看向趙青海他們的‘人’都目光呆滯,眼裡空洞洞的,隻有那個象周環的,看見周天運眼中馬上出現驚訝的神色,隨即說道:“爸,你們怎麽來啦?”
“小環,你真的是小環。”周天運激動的老淚縱橫,正被喪子之痛煎熬的的他突然看見兒子,這種喜悅對他的刺激太大了,他忘了周環以及他身邊的‘人’都不是真的人。
周環雖然認出了父親,但是他站在那裡沒動,好象被什麽控制了。
周天運正要上前,回頭看著他們的王妃突然說道:“你們不是小戴的門客,你們是什麽人?”
趙青海聽了王妃的話大吃一驚,他沒想到這些鬼和公子小戴有關。
周天運還在發愣,周悅上前一把拉住他,說道:“二叔,快走。”
村民被王妃的一句話嚇得雙腿發抖,趙青海一把拉住他,來不及多想就轉身往樓梯口跑,這時他才發現劉先生不見了。
“劉先生,劉先生你在那兒哪?”周天運慌裡慌張,一邊跌跌撞撞的下樓一邊喊道。
趙青海沒看到劉先生,聽到周天運喊就懷疑劉先生獨自跑了,他急忙從兜裡掏出陽符攥在手裡,準備動手。
跑到樓下,趙青海看見周天運和周悅還在找劉先生,木質樓梯傳來一陣急促的聲音,看來王妃的手下追了下來。
“周先生,周悅,別找啦,劉先生早就跑啦,咱們趕快離開這裡。”趙青海回頭看了一眼樓梯口,見王妃的手下還沒追下來,喊道。

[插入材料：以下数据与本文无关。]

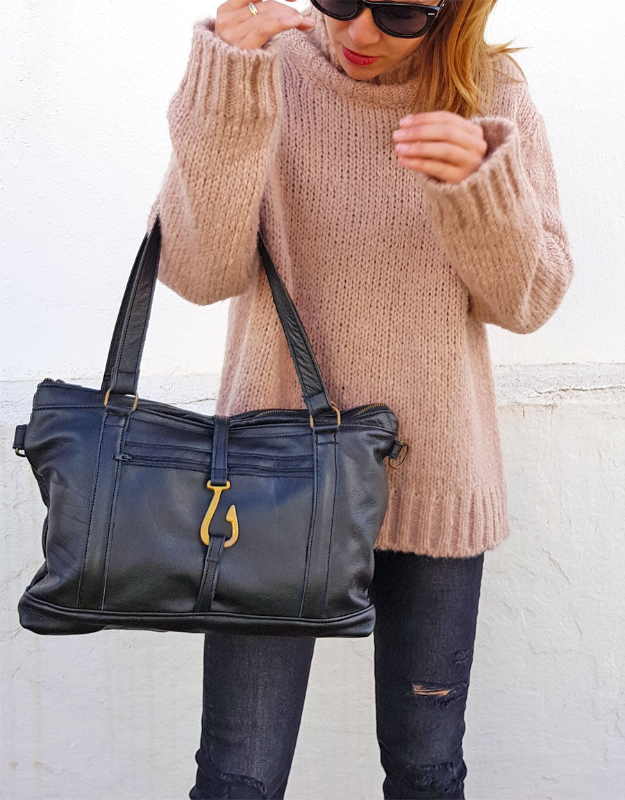 It has a 20 x 15 cm outside pocket with zip fastener. Besides, it can be adapted thanks to the 1,20 m leather strap that is included. This strap is attached to the bag with two antique gold colored carbiners, so you can easily remove them if you need to. The bag has inner lining and inside you will find a big pocket.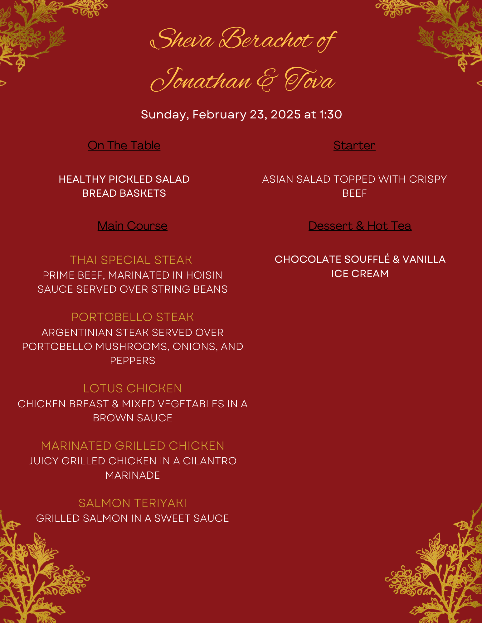 We are kosher certified so you can be sure our Glatt Kosher dining is prepared correctly. Our servers are happy to answer any questions about the menu and food preparation process too. Over our years in business, we’ve cooked for every palate and diet. Vegetarians will find plenty of meatless choices, and even picky eaters are pleased with the variety of options and cuisines we offer.
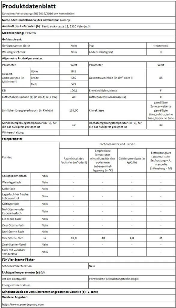 Gorenje F492PW – Gefrierschrank – Gefrierschrank – Breite: 56 cm – Tiefe: 57.9 cm – Höhe: 84.5 cm – 85 Liter –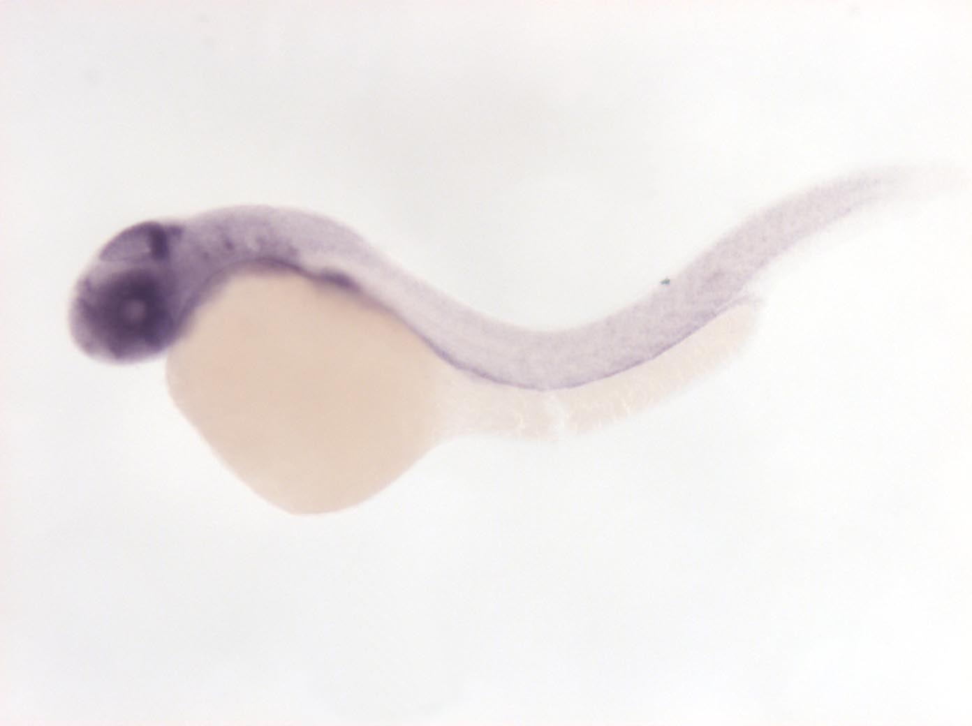 more labelling in retina, tectum, branchial arches, pectoral fin bud

周天運到處尋找,他不相信劉先生會獨自逃走,他們幾個當中隻有劉先生能對付這些鬼,如果劉先生不在,他們就死定了。
趙青海見周天運還在遲疑,周悅也在到處看,他把手裡的陽符遞給周悅說道:“攥在手裡就能打到他們,別怕,他們並不比普通人強多少。”
周悅見是一道符,急忙按照趙青海說的攥在手裡。趙青海又掏出兩道陽符分給周天運和村民,自己則從包裡掏出那把桃木短劍。
一陣清脆悅耳的笑聲在耳邊響起,王妃的聲音在空中縈繞:“想走,既然來了就留下陪我吧。”
隨著王妃的笑聲,戲台和廣場上的燈光開始晃動,光線越來越暗,一陣轟隆隆的聲音響起,好像有什麽要塌了一樣。
“快跑,不然就來不及了。”趙青海大喊一聲,拉起村民就向來時的石橋跑去。
“王妃有令,抓住他們。”
“不要讓他們跑了,我們是人。”
各種喊聲在空中飄蕩,村民越跑越快,不一會變成他拉著趙青海跑。借著微弱的光線,他們跑上了石橋,這時的石橋已經大變樣,變的非常殘破,好像馬上就要倒塌一樣,而且在不停的搖晃。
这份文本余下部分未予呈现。